■ WHAT THIS TASK INVOLVES ■
For this exercise, an exact copy is needed of only the lines from the one containing "要参与蟠桃园活动,需满足一定" through the end of the data, with pictures left out.
━━ ENTRIES SUPPLIED ━━
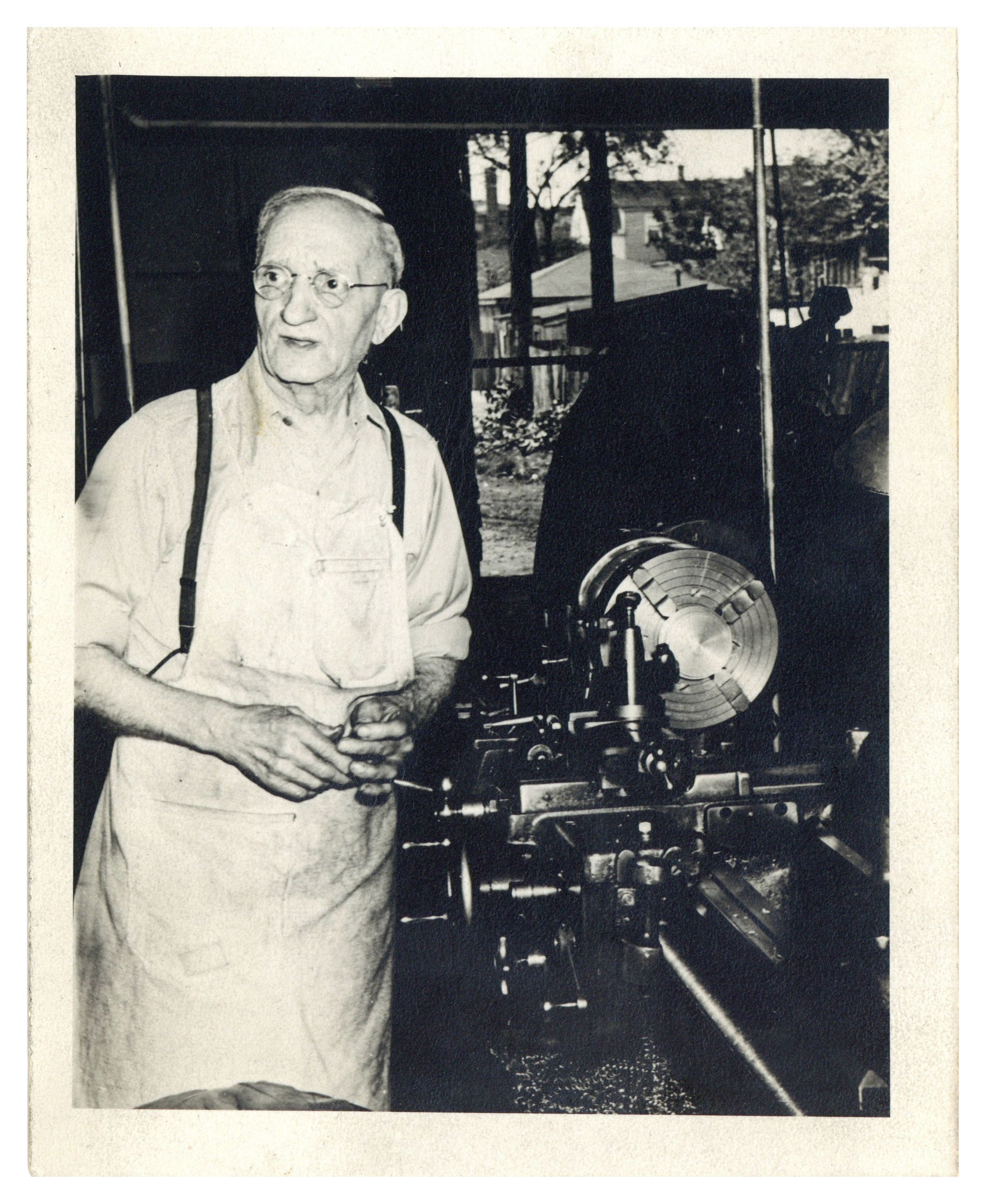 Black-and-white photograph of John Theodore Carlson (possibly) at some machinery. He is wearing a light-colored work apron over his shirt, which has the sleeves rolled up.Title
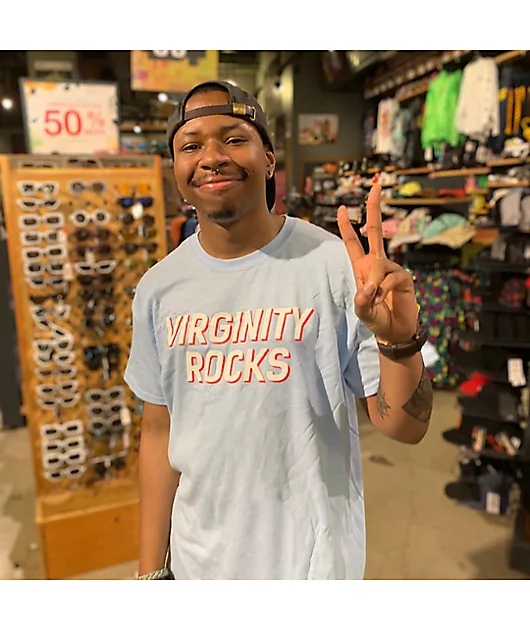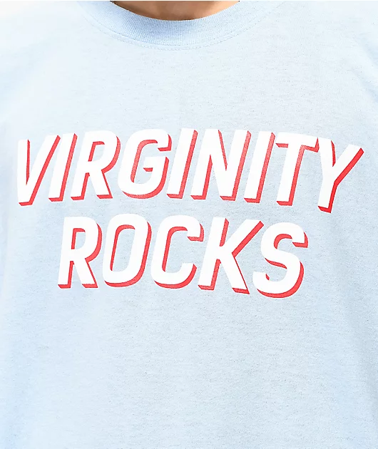 Save yourself for the Danny Duncan Virginity Rocks Light Blue T-Shirt. This mostly light blue shirt features screen-printed script across the chest that reads \”virginity rocks\” for a look that is sure to convey your angelic demeanor.
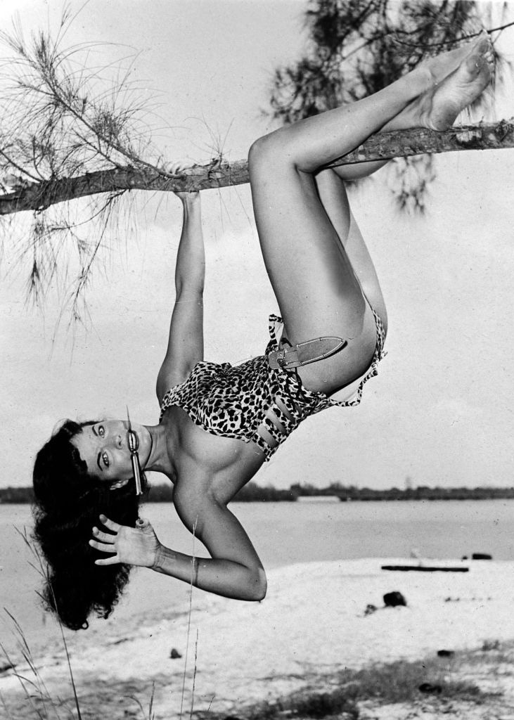 Bettie’s fruitful partnership with model and photographer Bunny Yeager produced some of the most stunning shots of Bettie’s pinup career, including all of the photos I’m using in this post. Yeager was the preeminent pinup photographer of her time and she and Bettie were utterly in sync artistically. The results of their collaborations are pure art pieces. The “Jungle Bettie” photos Yeager took in Florida are absurdly popular, and for good reason: Bettie looks sexy, powerful, and fierce, like an indomitable superhero. So many of these Bettie posts will feature Yeager’s photographs, because the two glamour models made exquisite magic together.
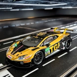 Authentische Reproduktion des Lamborghini Huracán GT3 mit realistischen Decals, Aerodynamik und Heckflügel für einen attraktiven Auftritt auf der Bahn.
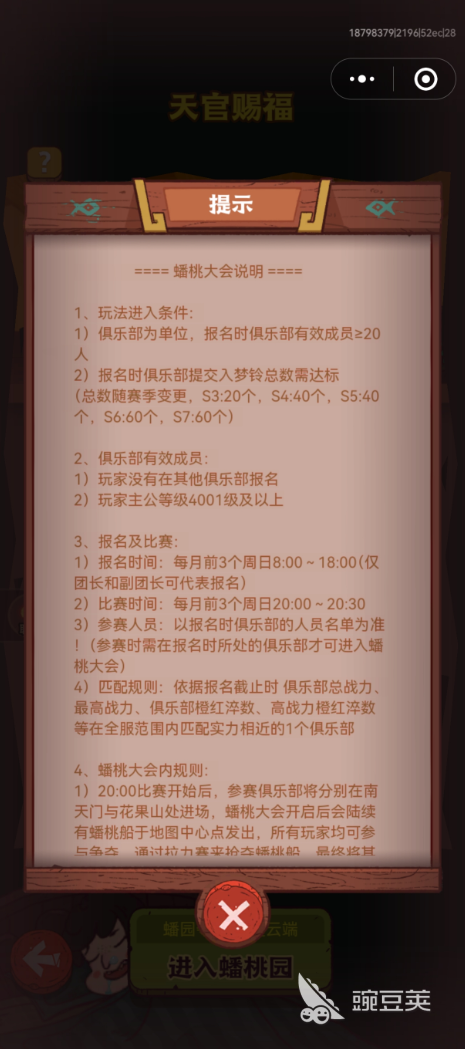 要参与蟠桃园活动,需满足一定的前置条件。首先,所属俱乐部成员人数必须达到至少20人,并在赛季开始时提交指定数量的陆梦玲作为报名资格。活动报名时间为每月前三个周日的早上8:00至下午18:00,在此期间由俱乐部管理员统一操作即可完成报名流程。正式比赛则安排在当晚8:00至8:30进行,每场对决持续30分钟。系统会随机匹配两个参赛俱乐部展开实时1v1对抗。比赛中,双方的核心目标是争夺蟠桃船的控制权,并将其成功运送至终点区域。通过这一过程累积积分,最终积分更高的队伍将赢得整场比赛胜利。
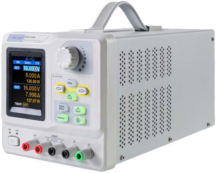 SPD1305X Maximum output power 128W 150W Channel output Output voltage: 0 to 16V Output current: 0 to 8A Output voltage: 0 to 30V Output current: 0 to 5A Display 2.8 inch true color TFT LCD with 5-digit voltage/4-digit current 2.8-inch true color TFT LCD with 5-digit voltage/4-digit current Resolution 1mV/1mA 1mV/1mA Program accuracy Voltage: ± (0.03% of reading + 10mV) Current: ± (0.3% of reading + 10mA) Voltage: ± (0.03% of reading + 10mV) Current: ± (0.3% of reading + 10mA) Constant current mode Line regulation = 0.2% + 3mA Load regulation = 0.2%
━━━
■ RESULT ■
 要参与蟠桃园活动,需满足一定的前置条件。首先,所属俱乐部成员人数必须达到至少20人,并在赛季开始时提交指定数量的陆梦玲作为报名资格。活动报名时间为每月前三个周日的早上8:00至下午18:00,在此期间由俱乐部管理员统一操作即可完成报名流程。正式比赛则安排在当晚8:00至8:30进行,每场对决持续30分钟。系统会随机匹配两个参赛俱乐部展开实时1v1对抗。比赛中,双方的核心目标是争夺蟠桃船的控制权,并将其成功运送至终点区域。通过这一过程累积积分,最终积分更高的队伍将赢得整场比赛胜利。
 SPD1305X Maximum output power 128W 150W Channel output Output voltage: 0 to 16V Output current: 0 to 8A Output voltage: 0 to 30V Output current: 0 to 5A Display 2.8 inch true color TFT LCD with 5-digit voltage/4-digit current 2.8-inch true color TFT LCD with 5-digit voltage/4-digit current Resolution 1mV/1mA 1mV/1mA Program accuracy Voltage: ± (0.03% of reading + 10mV) Current: ± (0.3% of reading + 10mA) Voltage: ± (0.03% of reading + 10mV) Current: ± (0.3% of reading + 10mA) Constant current mode Line regulation = 0.2% + 3mA Load regulation = 0.2%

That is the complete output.